## EXERCISE INPUT
------------
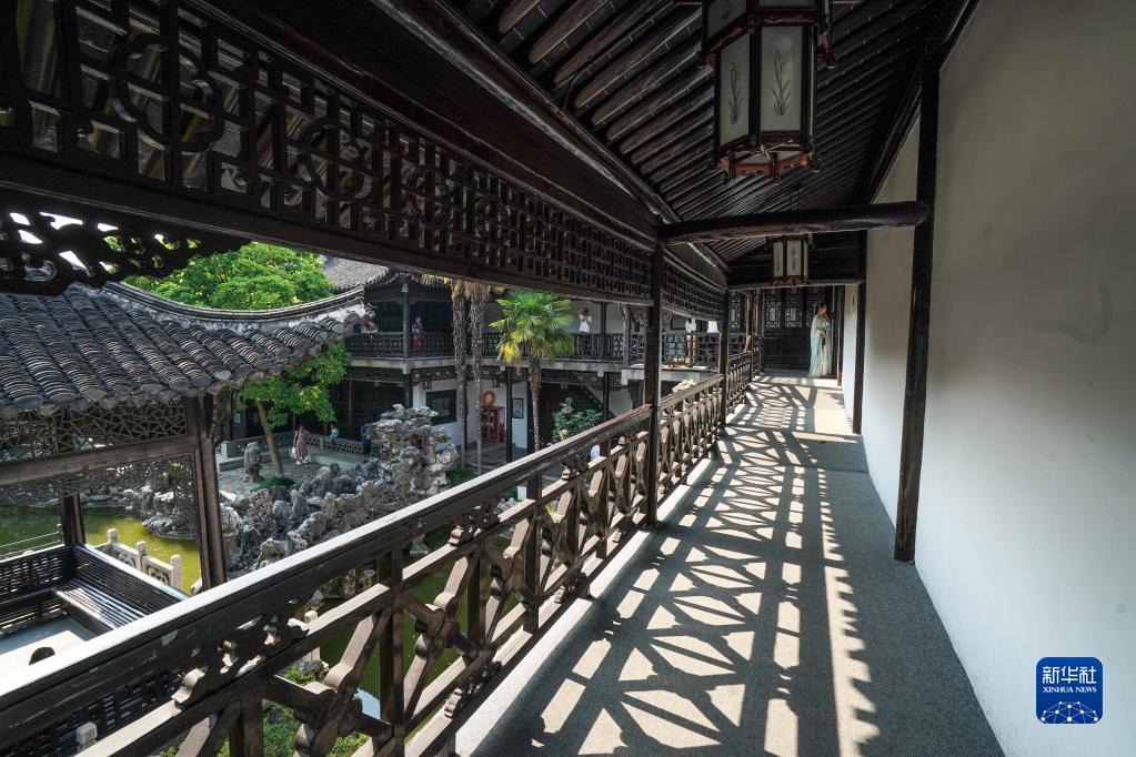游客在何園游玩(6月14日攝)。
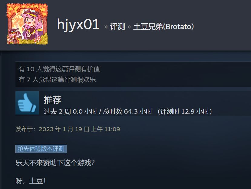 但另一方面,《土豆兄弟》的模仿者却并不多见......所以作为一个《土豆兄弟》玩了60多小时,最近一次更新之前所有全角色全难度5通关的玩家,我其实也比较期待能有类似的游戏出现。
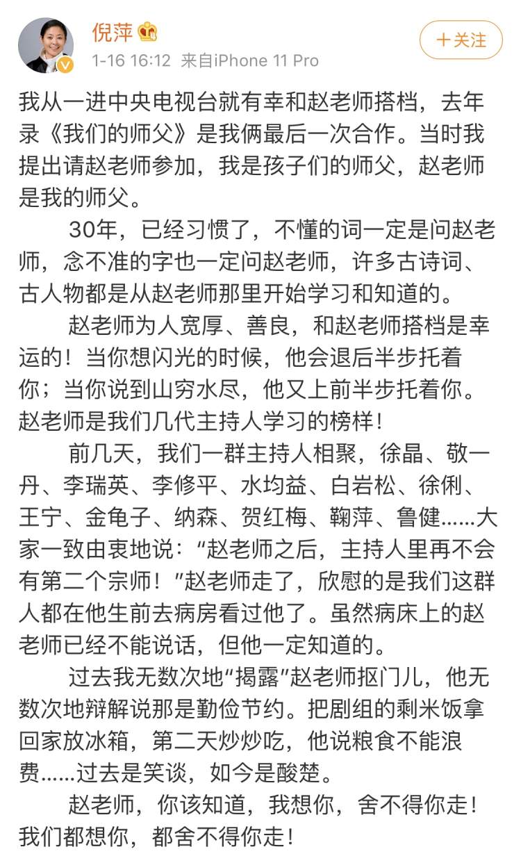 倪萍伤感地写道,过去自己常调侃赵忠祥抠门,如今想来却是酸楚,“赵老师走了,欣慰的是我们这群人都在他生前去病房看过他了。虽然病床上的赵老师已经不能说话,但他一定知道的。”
------------
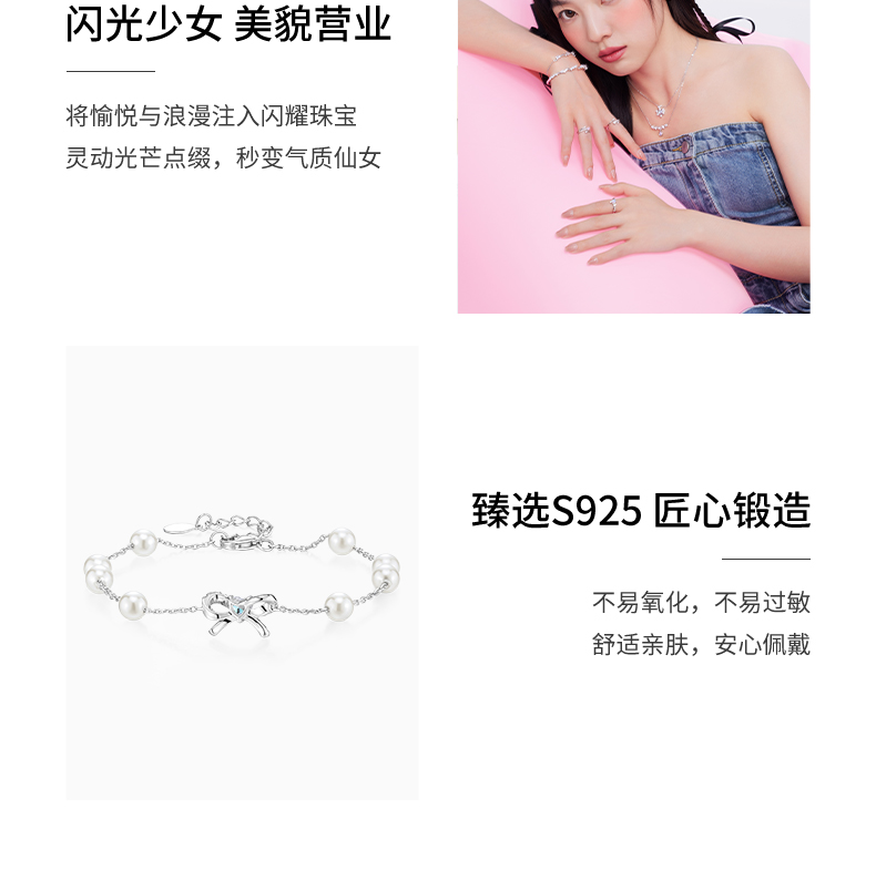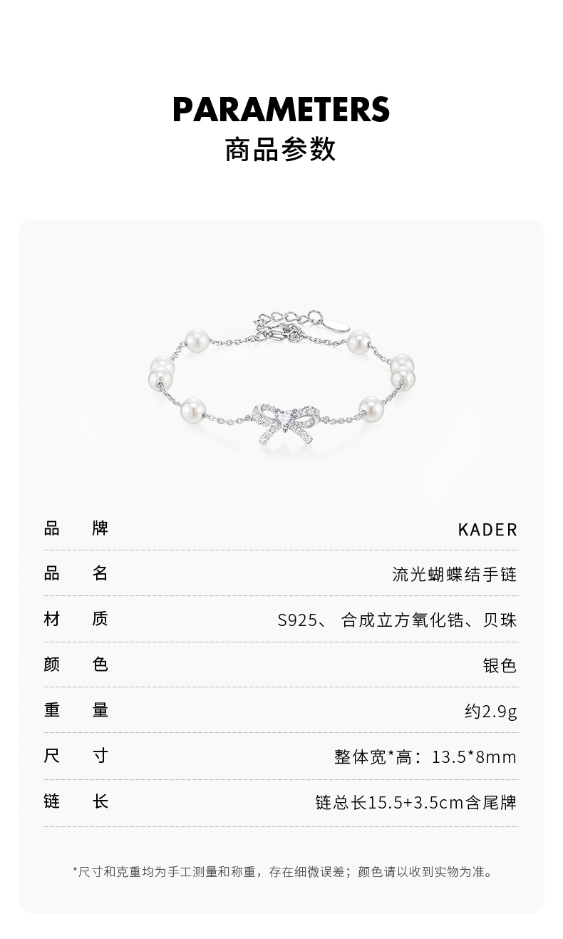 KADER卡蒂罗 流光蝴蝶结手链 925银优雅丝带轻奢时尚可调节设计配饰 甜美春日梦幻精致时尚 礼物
------------
## WHAT THE TASK ASKS
Extract, without any images, the part of the material above that opens with the line containing "游客在何園游玩(6月14日攝)。" and closes with the line containing "倪萍伤感地写道,过去自己常调", both lines included.

## SOLUTION TO THE EXERCISE
游客在何園游玩(6月14日攝)。
 但另一方面,《土豆兄弟》的模仿者却并不多见......所以作为一个《土豆兄弟》玩了60多小时,最近一次更新之前所有全角色全难度5通关的玩家,我其实也比较期待能有类似的游戏出现。
 倪萍伤感地写道,过去自己常调侃赵忠祥抠门,如今想来却是酸楚,“赵老师走了,欣慰的是我们这群人都在他生前去病房看过他了。虽然病床上的赵老师已经不能说话,但他一定知道的。”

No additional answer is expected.